[EXERCISE AIM] The result should be an exact copy of only the lines from the one holding "In the company" through the last line of the data below, please, without pictures.

[DATA PROVIDED]
····················
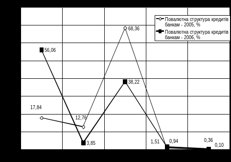 Рис.Д.7. Повалютний аналіз структури кредитів банкам та клієнтам
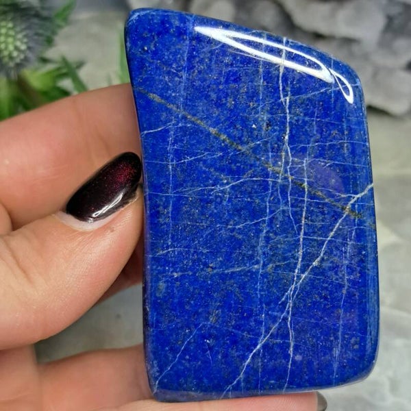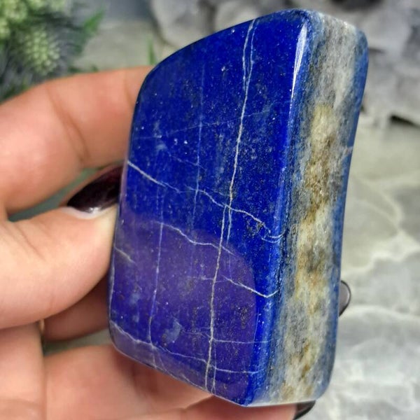 Dit mooie sculptuurtje van diepblauwe Lapis Lazuli met aders van pyriet komt uit Pakistan en is 1215 gram en 7x4,5 cm groot.
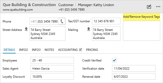 In the company record, click ‘Add/Remove Keyword Tags’.
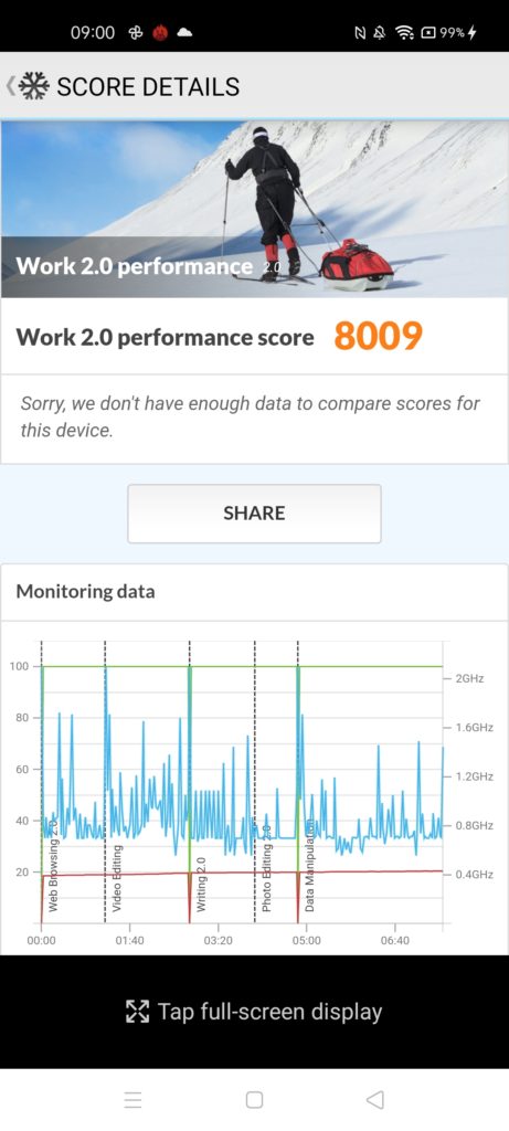 Then, just to really throw a spanner in the works, the Realme 7 achieved a PCMark Work Performance score of 9807, which is 22% higher than the 8009 this scored.
····················
[ANSWER BOX]
 In the company record, click ‘Add/Remove Keyword Tags’.
 Then, just to really throw a spanner in the works, the Realme 7 achieved a PCMark Work Performance score of 9807, which is 22% higher than the 8009 this scored.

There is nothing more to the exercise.